> Data provided
- - - - - - -

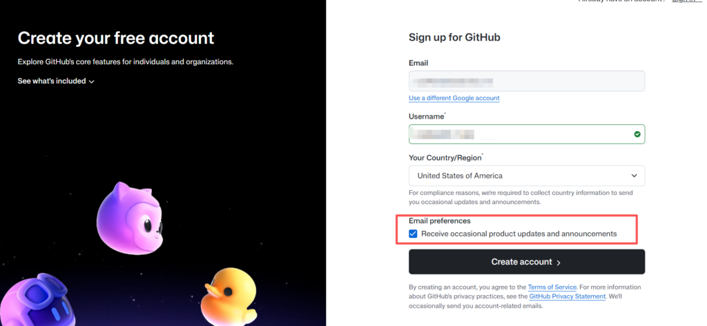 4、勾选服务条款,点击Create account
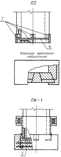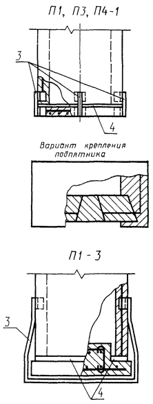 Крепление подпятников, изготовляемых отдельно (П1-П3, ПК-3) и совместно со стойками, приведено на черт. 1-2.
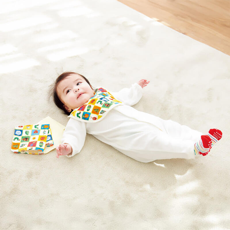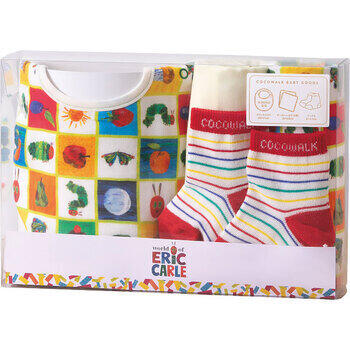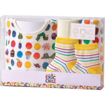 人気絵本「はらぺこあおむし」の、スタイ・ガーゼハンカチ・ソックスのセットです。
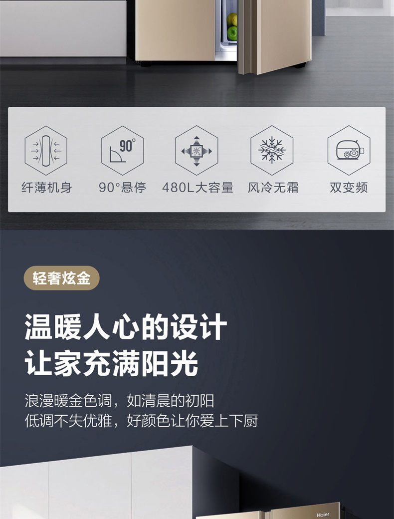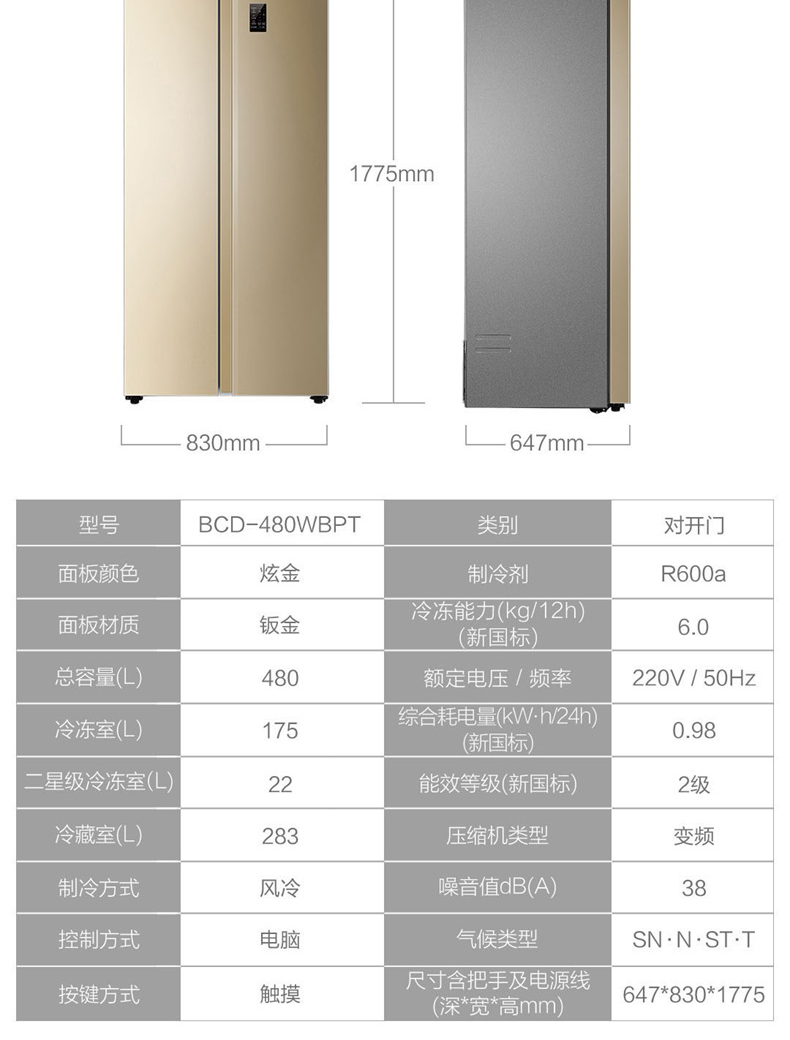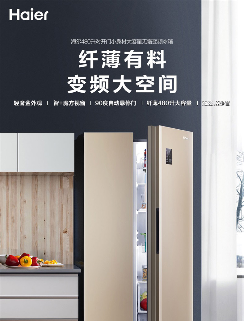 首页 > 家用电器 / 厨房电器 / 大家电 > 大家电 > 冰箱 > Haier/海尔 BCD-480WBPT双开门节能风冷无霜对开门电冰箱大容量
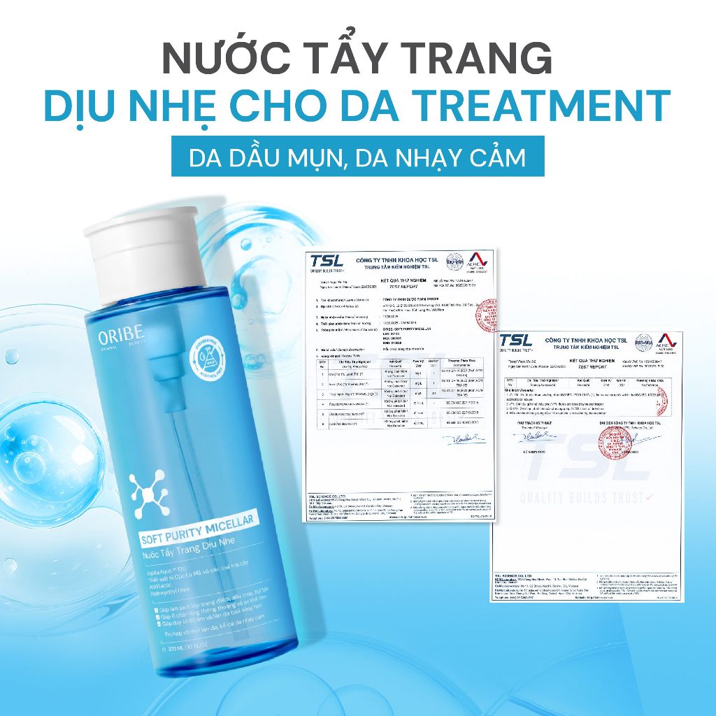 Oribe Soft Purity Micellar là nước tẩy trang dịu nhẹ, ứng dụng công nghệ micellar kết hợp hoạt chất Jojoba Aqua 120, chiết xuất hoa cúc và trái cây cùng acid dịu nhẹ giúp làm sạch lớp trang điểm, bã nhờn và bụi bẩn hiệu quả mà vẫn giữ lại độ ẩm và sự mềm mại cho làn da. An toàn cho mọi loại da, kể cả da nhạy cảm.

- - - - - - -

> Required action
Pictures are to be dropped, and every record is to be copied exactly.

> Finished task
 4、勾选服务条款,点击Create account
 Крепление подпятников, изготовляемых отдельно (П1-П3, ПК-3) и совместно со стойками, приведено на черт. 1-2.
 人気絵本「はらぺこあおむし」の、スタイ・ガーゼハンカチ・ソックスのセットです。
 首页 > 家用电器 / 厨房电器 / 大家电 > 大家电 > 冰箱 > Haier/海尔 BCD-480WBPT双开门节能风冷无霜对开门电冰箱大容量
 Oribe Soft Purity Micellar là nước tẩy trang dịu nhẹ, ứng dụng công nghệ micellar kết hợp hoạt chất Jojoba Aqua 120, chiết xuất hoa cúc và trái cây cùng acid dịu nhẹ giúp làm sạch lớp trang điểm, bã nhờn và bụi bẩn hiệu quả mà vẫn giữ lại độ ẩm và sự mềm mại cho làn da. An toàn cho mọi loại da, kể cả da nhạy cảm.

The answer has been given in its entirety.